# Stored data:
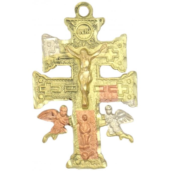 Amuleto Cruz de Caravaca con Cristo Tumbaga 3 Metales 4.5 cm
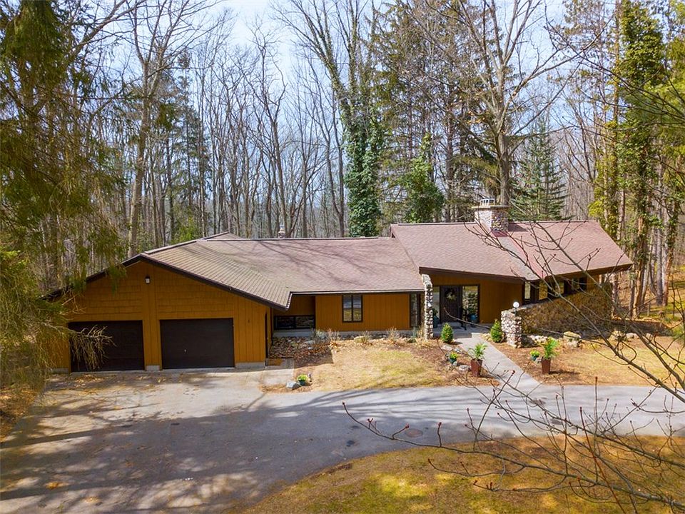 Surrounded by unparalleled beauty this Contemporary Ranch design blends effortlessly into the landscape. Outstanding Craftsmanship throughout. Simple elegance & timelessness. 3BR 2.5 Bath, Den. 1ST FL Laundry. Walls of windows create a connection between the indoor living space & surrounding nature. This home gathers under its roof a contemporary floor plan with warm finishes that include the dramatic stone wall, skylights & cathedral ceilings. Live in a private sanctuary w/serenity & all of natures treasures. A choice property has 30 acres of Burroughs Audubon Nature Trails in its rear yard. Full wall of rock fireplace. Deck with Incredible views. Cent VAC. This one is a MUST SEE!! Highly desirable Fishers Road area. Get the best of both worlds with Pittsford Schools, Ontario Co taxes.
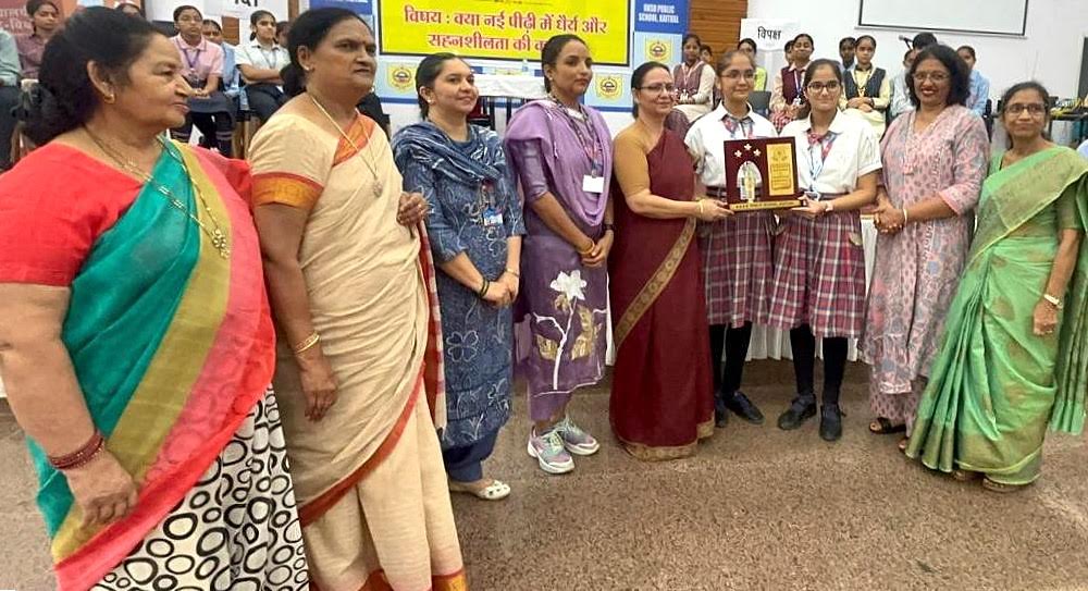कैथल । आरकेएसडी पब्लिक स्कूल में आज अंतर-विद्यालयीय हिंदी वाद-विवाद प्रतियोगिता का आयोजन किया गया जिसमें शहर के कई विद्यालयों के छात्रों ने भाग लिया। प्रतियोगिता का विषय क्या नई पीढ़ी में धैर्य और सहनशीलता की कमी है, था। छात्रों व छात्राओं ने इसके पक्ष व विपक्ष में अपने विचार रखे। छात्रों द्वारा अपने मत को सही सिद्ध करने के लिए बड़े स्टीक तर्क प्रस्तुत किए गए। सभी छात्र-छात्राओं ने पूरी ऊर्जा व प्रेरणा से प्रतियोगिता में भाग लिया। भाग लेने वाले विद्यालयों में शेमरोक पब्लिक स्कूल, एमडीएन पब्लिक स्कूल, इंदिरा

# What you should do:
The reply should consist of the listing restated word for word, with its pictures removed.

# Exercise answer:
 Amuleto Cruz de Caravaca con Cristo Tumbaga 3 Metales 4.5 cm
 Surrounded by unparalleled beauty this Contemporary Ranch design blends effortlessly into the landscape. Outstanding Craftsmanship throughout. Simple elegance & timelessness. 3BR 2.5 Bath, Den. 1ST FL Laundry. Walls of windows create a connection between the indoor living space & surrounding nature. This home gathers under its roof a contemporary floor plan with warm finishes that include the dramatic stone wall, skylights & cathedral ceilings. Live in a private sanctuary w/serenity & all of natures treasures. A choice property has 30 acres of Burroughs Audubon Nature Trails in its rear yard. Full wall of rock fireplace. Deck with Incredible views. Cent VAC. This one is a MUST SEE!! Highly desirable Fishers Road area. Get the best of both worlds with Pittsford Schools, Ontario Co taxes.
कैथल । आरकेएसडी पब्लिक स्कूल में आज अंतर-विद्यालयीय हिंदी वाद-विवाद प्रतियोगिता का आयोजन किया गया जिसमें शहर के कई विद्यालयों के छात्रों ने भाग लिया। प्रतियोगिता का विषय क्या नई पीढ़ी में धैर्य और सहनशीलता की कमी है, था। छात्रों व छात्राओं ने इसके पक्ष व विपक्ष में अपने विचार रखे। छात्रों द्वारा अपने मत को सही सिद्ध करने के लिए बड़े स्टीक तर्क प्रस्तुत किए गए। सभी छात्र-छात्राओं ने पूरी ऊर्जा व प्रेरणा से प्रतियोगिता में भाग लिया। भाग लेने वाले विद्यालयों में शेमरोक पब्लिक स्कूल, एमडीएन पब्लिक स्कूल, इंदिरा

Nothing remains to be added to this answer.